I was just wondering what people thought about this.. and if yoiu have any suggestions or things I should consider

My ultimate goal is to have a really defined 6 pack and better upper body physique.

Any tips / advice would be really appreciated.


----------



## bayman (Feb 27, 2010)

Ok, so you're 160lb and you're not doing any resistance training for your legs or other bodyparts baring Chest and Arms? Hmm, me thinks you expect too much! And no, running and football are not "leg workouts"

The problem you have, is that getting "ripped" requires a good muscular base to cut down to.
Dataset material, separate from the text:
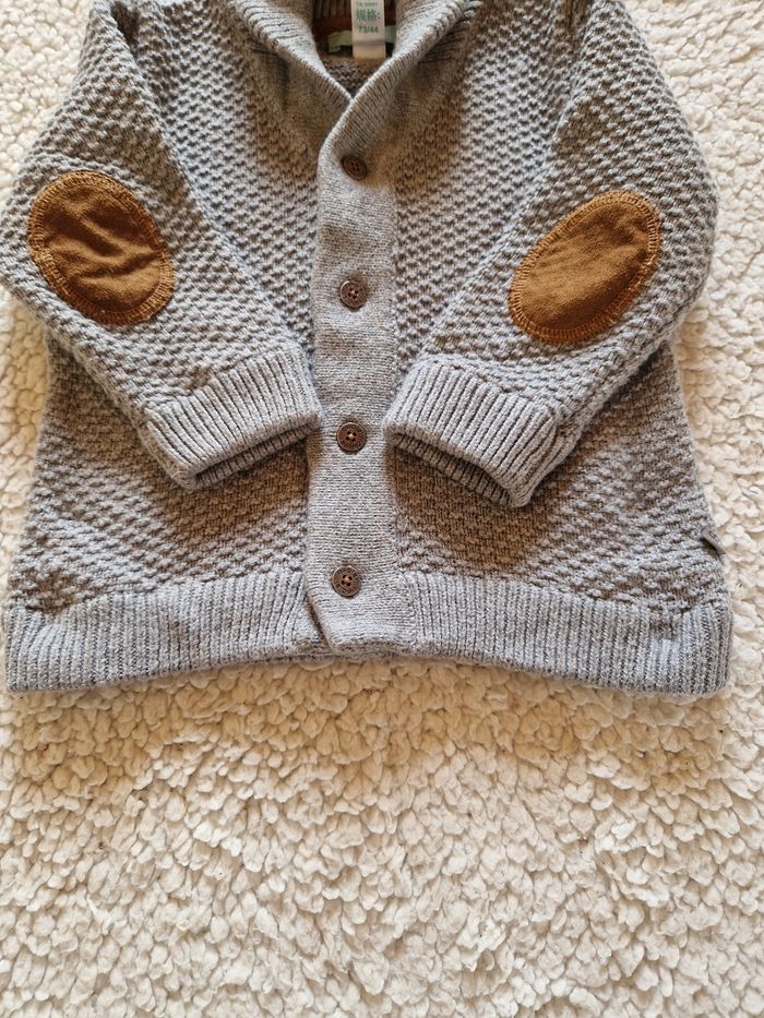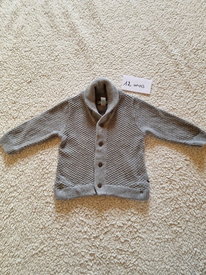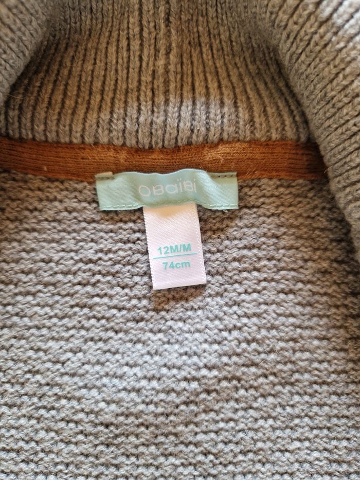 Gilet obaibi 12 mois Gris Empiècement marron aux coudes Col châle Très bon état

There is no point in cutting from 160lb if you have nothing to cut down to, you'll just end up looking skinny.

As for your belly fat, unfortunately it tends to be the last thing to go when dieting, men tend to hold fat in this area and chest. You can't spot reduce fat unfortuantely.

If I were you, I'd strongly recommend delving into the beginners section and getting a decent ressitance training plan covering all the major bodyparts spilt over 3 days per week. I'd also look at trying to add some lean mass before you consider cutting down, you'll probably end up looking better as a result.

And without knowing your calorie and macronutrient intake for the day, it's impossible to say whether your diet is suitable for your goal.


----------



## Zola (Mar 14, 2012)

I do have a good muscular base 

Reasonable arms and legs, chest could be bigger. Its mainly the stomach I am trying to shift, although I am aware spot reduction is a myth.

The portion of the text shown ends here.